Спасен! Избавлен! – так бывает, когда привычка вдруг рушится и дух разгулявшимся пламенем ширится, клонится и вот-вот сорвется с опор. Давно уж не чувствовал я себя таким молодым, думал Питер Уолш, спасенный от того (на часок на какой-то, конечно), от чего никуда не денешься, от самого себя, – как ребенок, который улепетнул из дому и видит на бегу, как старая няня куда-то наугад тычет рукой из окошка. Но до чего же прелестна, подумал он, ибо Трафальгар-Сквер в направлении к Хэймаркету пересекла молодая женщина и, проходя мимо памятника Гордону, роняла вуаль за вуалью, как показалось Питеру Уолшу при его впечатлительности, пока не сделалась тем, что всегда мечталось ему, – юная, но статная; веселая, но сдержанная; темноволосая, но обворожительная.

Приосанясь и украдкой поигрывая перочинным ножом, он устремился за нею, этой женщиной, этой радостью и находкой, которая, даже и поворотя ему спину, обдавала светом, объединяющим их, выделяющим его из множеств, будто сама истошно-громкая улица, сложив рупором руки, нашептывала его имя, не Питер, нет, но то интимное имя, каким он сам себя называл в собственных мыслях.

«Ты», говорила женщина, просто «ты», говорили ее белые перчатки и плечи. Вот легкий длинный плащ встрепенулся от ветра возле магазина издательства «Дент» на Кокспер-стрит и взмыл с печальной, облекающей нежностью, будто принимая в объятья усталого…

Э, да она не замужем; молоденькая, совершенно молоденькая, подумал Питер Уолш, когда красная гвоздика, которую он у нее еще раньше заметил на Трафальгар-Сквер, снова полыхнула ему в глаза и ярко окрасила ее губы. Вот она остановилась у края тротуара. Ждет. В осанке – какое достоинство. Она не светская, не то что Кларисса. И не богатая, не то что Кларисса. Интересно, подумал он, когда она снова пошла, а она из хорошей семьи? Она остроумна, у нее острый, жалящий язычок, думал он (почему же не пофантазировать – легкая вольность не возбраняется), ее остроумие сдержанно, метко, она не шумлива.

Пошла. Перешла улицу. Он за нею. Он, натурально, не собирается ей докучать. Но если сама остановится, можно сказать: «Пойдемте-ка есть мороженое», почему не сказать, и она, не кривляясь, ответит: «Отчего ж».
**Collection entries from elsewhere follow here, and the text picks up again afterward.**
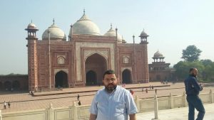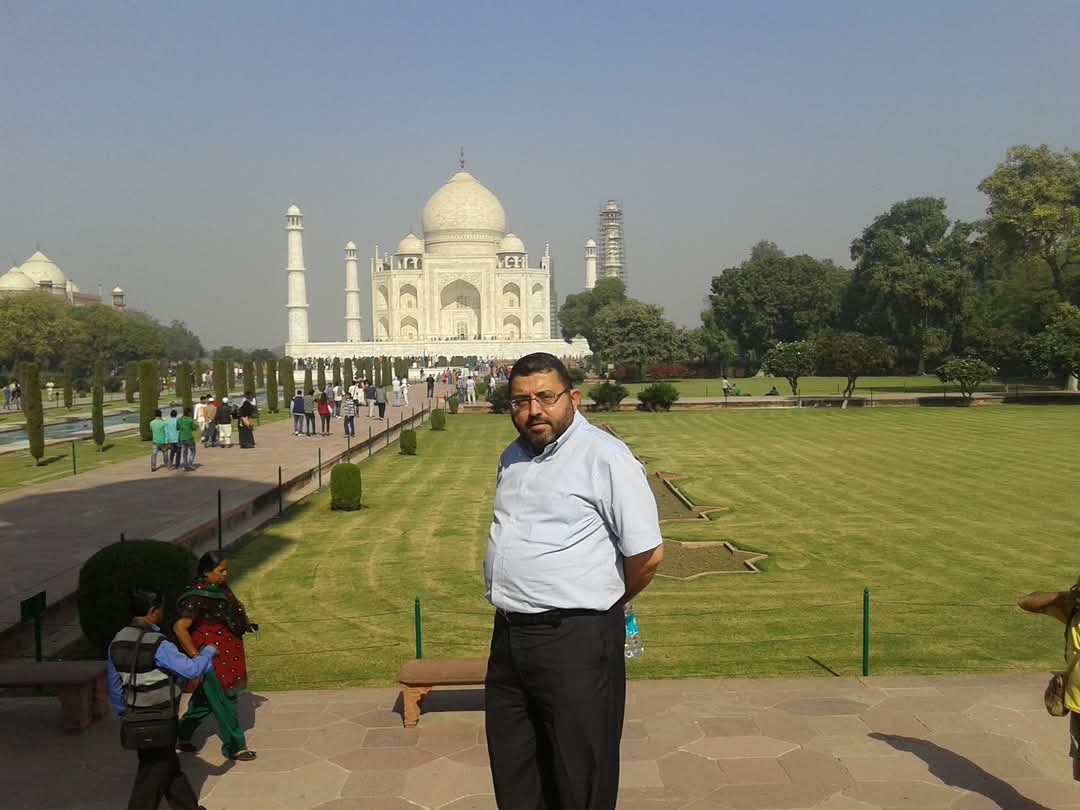 أجمل ما كان في ورشة العمل التي حضرتها في الهند عام 2016 هو تخصيص يوم لزيارة مدينة “أجرا” التي تحتضن احدى عجائب الدنيا السبع الحديثة و احد الدلائل الدامغة على الحضارة الإسلامية في الهند انه “تاج محل” ذلك المبنى الرخامي الذي بناه “شاه جهان” احد ملوك المغول المسلمين تخليدا لزوجته “ممتاز محل” التي احبها لكنها ماتت وهي تضع مولودها . والمبنى الرخامي ذو القبة البيضاء والمنارات الأربعة هو جزء من مجمع يضم العديد من المباني والقصور إضافة إلى المسجد والمداخل الضخمة والتي تحيط بها الحدائق والممرات المائية من كل جانب .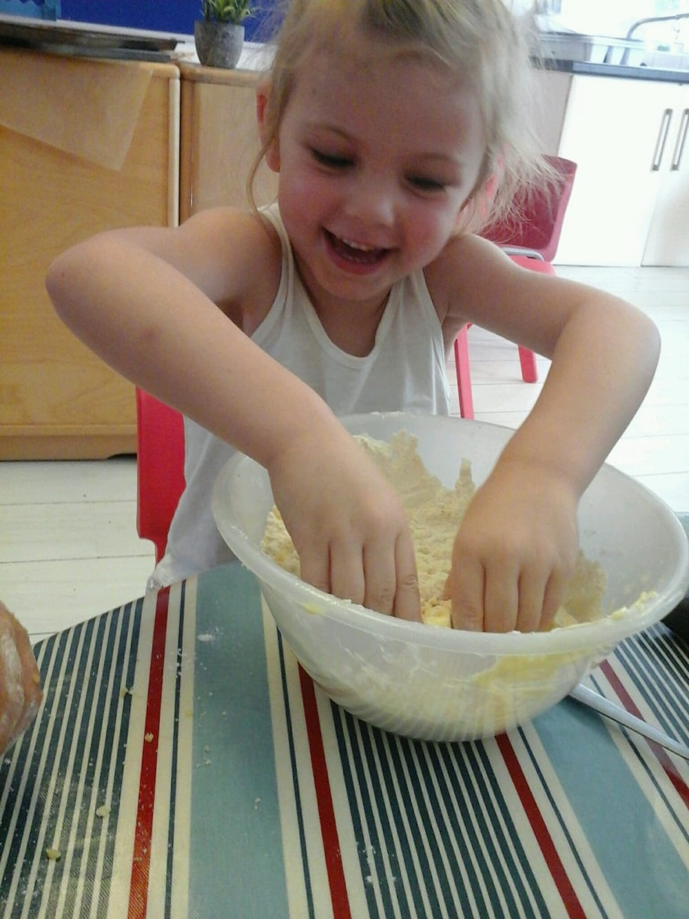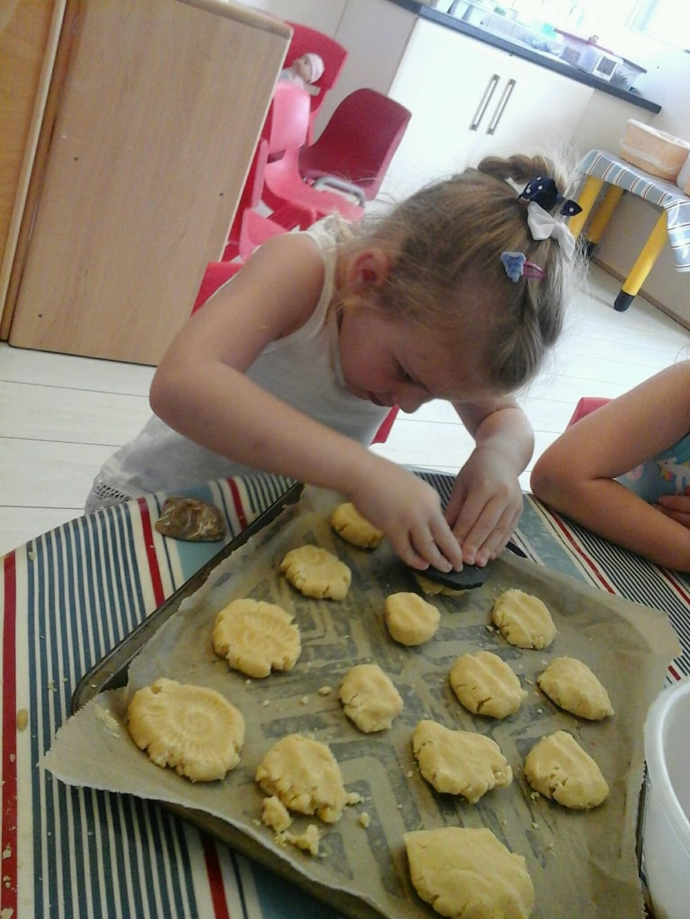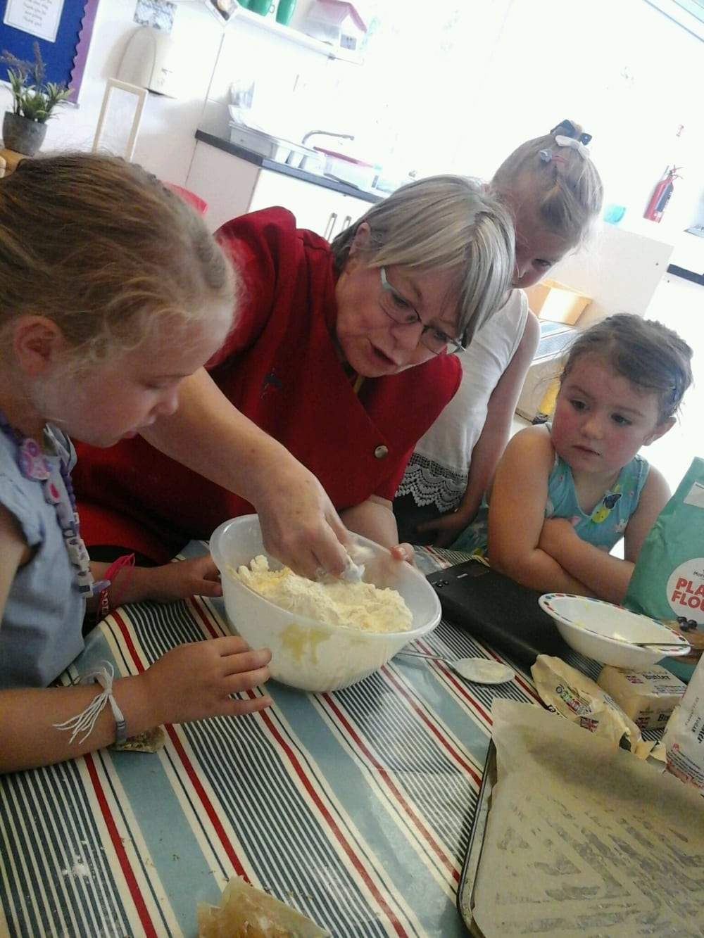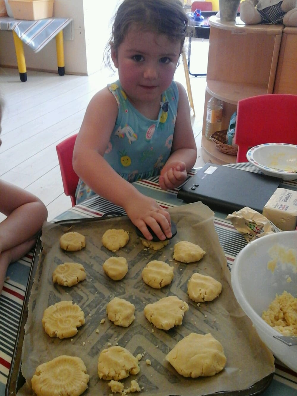Meanwhile indoors it was time for some baking. After reading the recipe and gathering and weighing the ingredients it was time to start making the biscuits. After rubbing the margarine into the flour and mixing in the water, the dough was shaped into rounds and shell cutters were used to make a nice finish. Once baked and cooled, the biscuits were ready for eating! Delicious!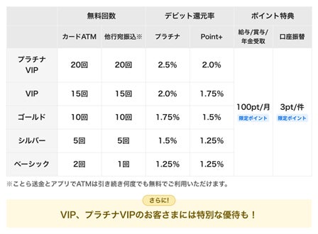 従来の優遇に加え、新たにランクに応じてデビットカードの還元率を優遇します。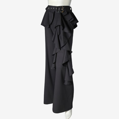 Брюки клёш со съёмной баской. Образец выполнен из ткани Sophia. Состав: 20% вискоза, 78% полиэстер, 2% эластан.

Но его обгоняли, мешали, заслоняли ее. Он не отставал. Она повернула. Щеки у нее разгорелись, у нее смеялись глаза. А он был смельчак, удалец, быстрый, бесстрашный (только вчера из Индии), отважный пират, и плевать ему было на все эти штуки, желтые халаты и трубки, и эти их удочки, и на их респектабельность, на все их приемы, на лощеных старикашек в белых галстуках и жилетах. Он был отважный пират. А она шла и шла, по Пиккадилли, по Риджентс-стрит, шла впереди, и плащ ее, перчатки и плечи сочетались с кружевами, оборками, перьевыми боа, и дух роскоши и причуд нисходил на нее с витрин, как ночью свет фонаря плывет, подрагивая, над сонной травою.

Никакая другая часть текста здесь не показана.